JM: There doesn’t seem like any reason to shy away from writing about Alaska. If you are in New York and writing about New York City you have Frank O’Hara to worry about, Walt Whitman, Hart Crane. You will not be the first to write about the urban experience. In Alaska there have been important writers too, but Alaska has its own space that is unusual.
P: You studied under Robert Lowell and refer to him several times throughout the Selected Poems. How has Lowell influenced your work?
JM: He influenced me more as a poet than as a teacher. He was hands-off as a teacher. Poetry for him was a calling, not merely a craft but something that you gave your life to, and that was an important influence. Later, in grad school, is when I started to read his poetry carefully.
P: Speaking of grad school, you studied at Iowa. What was that like for you?
JM: Disorientating because of the number of poets that year. Many of them were very talented. I had to learn pretty fast that what I was doing from my undergraduate writing was not going to stand up. I was engaged at the time, to Nancy. She would send me postcards from the Gardner Museum in Boston. I would write her letters responding to the paintings on the postcards. Those became the first poems that I felt really had my voice and had some craft to them. They were kind of love poems in letter form.
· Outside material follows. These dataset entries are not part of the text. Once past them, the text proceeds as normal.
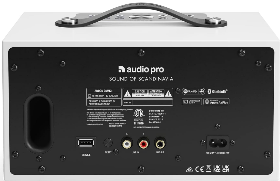
Figure 3: Rear view of the speaker, showing the power input, USB charging port, RCA Line In, and Sub Out connections.
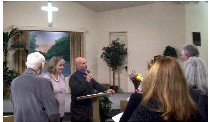
District Executive Minister with congregation

buildings and exploring what might make sense for the future of this site. Final decisions will come in the months ahead as the work continues, and an action to formally dissolve the congregation will be on the agenda for District Conference 2016 in Modesto.
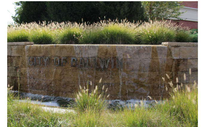
4 Location: Kehrs Mill Road and Clarkson Road Year Installed: 2012
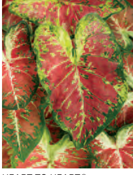
HEART TO HEART® 'Dawn to Dusk' Caladium hortulanum USPP23991
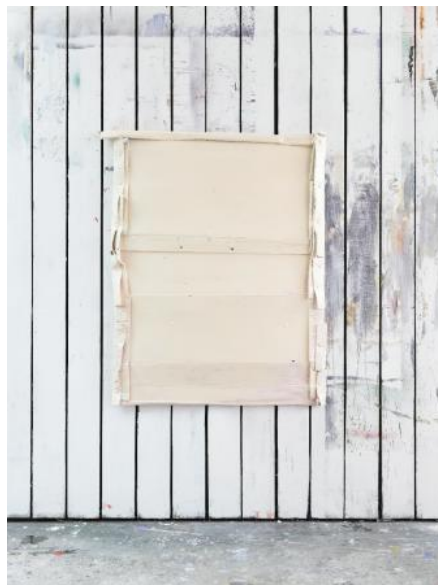
Crushed Box (creme) , 2023 cardboard, resin, pigments, paint, bolts, 150x90x5cm
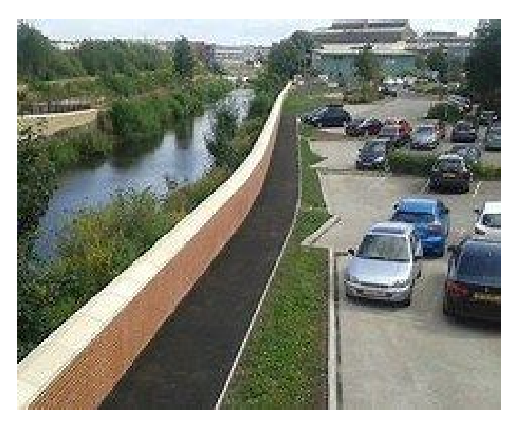
It is this flood defence that caused most of the damage in Fishlake, but some of the water came from the Ochre Dyke.

"Last year, as you will be aware, our village suffered devastating flooding in November 2019. Having studied geography, ecology and agriculture at the Universities of Nottingham, Oxford and Lincoln respectively, I am familiar with environmental issues including flood risk, catchment-based solutions and climate change. When buying a house in Fishlake in March 2019 we therefore paid close attention to the EA's long term flood risk assessment for Fishlake - which at the time was very low risk - prior to our home purchase in March 2019."
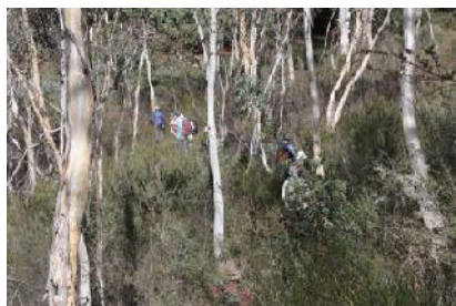
Descending to the creek

The Wog Wog camping area is off Charleys Forest Road, not far from the intersection with the Nerriga road. The walk descends through open woodland to Wog Wog Creek which we crossed then rises to a plateau where we found the banksias we were looking for. There were many Banksia spinulosa and B. paludosa – from buds through to full flowers in an array of colours. We also found one B. marginata in flower. There was the odd pea flowering - Mirbelia platylobioides , Bossiaea prostrata - one Dampiera stricta flower, quite a lot of Epacris microphylla with flowers, Goodenia hederacea ssp. alpestris , Hibbertia riparia , Mitrasacme polymorpha and Comesperma sphaerocarpum . Other interesting plants were Patersonia sericea , P. longifolia , Gompholobium minus (and another one which we couldn't ID), Chloanthes stoechadis , Petrophile sessilis , Isopogon anemonifolius , I. anethifolius , Hakea laevipes , H. microcarpa , H. sericea and Pomaderris phyllicifolia ssp. ericoides . Some of us had a quick foray across the road in another area of Morton National Park to see if it warranted a separate visit - probably. On our way home we stopped for the nice stand of Eucalyptus moorei on the roadside.
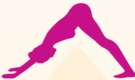
DOWNWARD FACING DOG
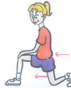
21. Hip Flexor Stretch [keep back straight, tuck bottom under, lunge forward on front leg]
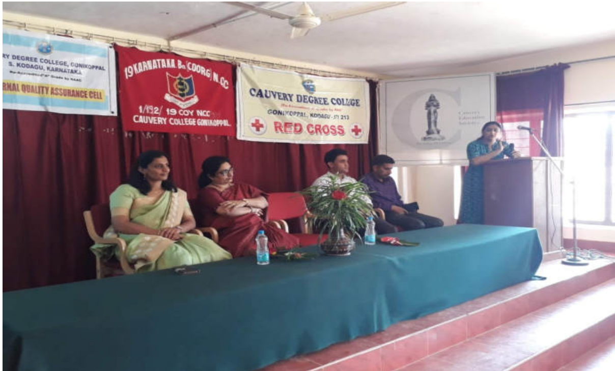
CONDUCTED COVID 19 AWARENESS PROGRAMME AND WORLD WATER DAY ON 13/3/2020 AT CCG
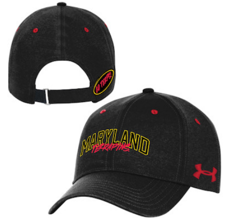
UNIVERSITY OF MARYLAND UH209M999 AEU03790218 CAP FP RD, BK, PAR AEU03318307 CAP CL RD AEU03790220 PACP CRB RD, BK, PAR
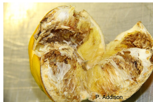
Carob moth, Ectomyelois ceratoniae , feeding damage.

* Indicates known hosts in South Africa.
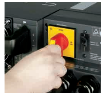
Hot-swappable I/O Box
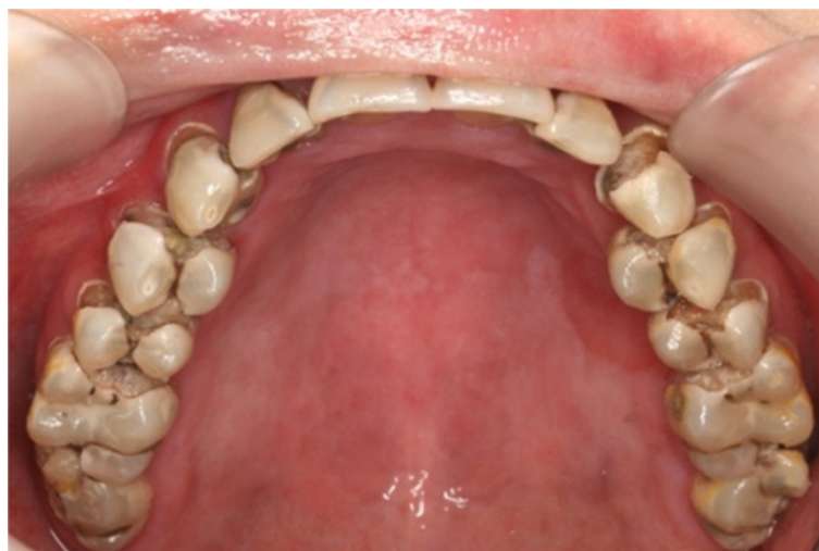
Figure 6 Pre-treatment upper occlusal view.

SDF is topically applied on the cleaned and dried caries lesions by dental professionals using a microbrush. Removal of the soft carious before the SDF application is not necessary because such caries removal would not significantly affect the caries-arresting rate [8]. This
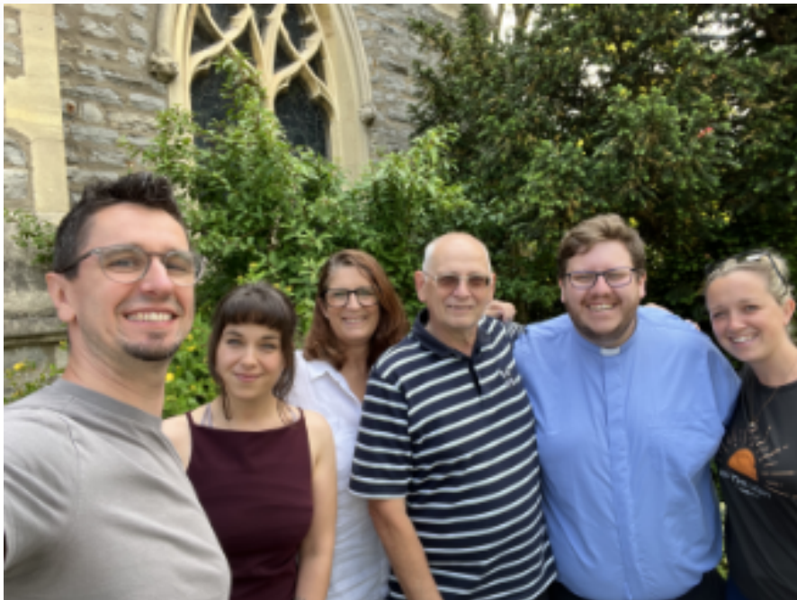
Wider Staff Team Including Churchwardens
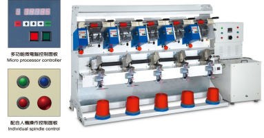
外觀尺寸 | Dimension unit: mm

Max. 10000 r.p.m. Max. 1600mm (800-1400mm/min) TN-35F(P)-Y Max. 4000 r.p.m. Max. 1000mm (400-800mm/min)

P: What is the role of form in your work? What are the limitations and liberations that you find in form?
JM: I believe what Robert Frost said about poems being a ‘momentary stay against confusion.’ Our mental world is full of competing material. In a poem you find some aspect of that world that you can get a handle on, and the handle is form. My poems begin, often, with free association, not thevery rigorous lines and stanzas that develop as I work through the material and get a feel for the direction it could take.
P: How did putting “Spell and Auguries” into sonnet form help facilitate the composition of that experience?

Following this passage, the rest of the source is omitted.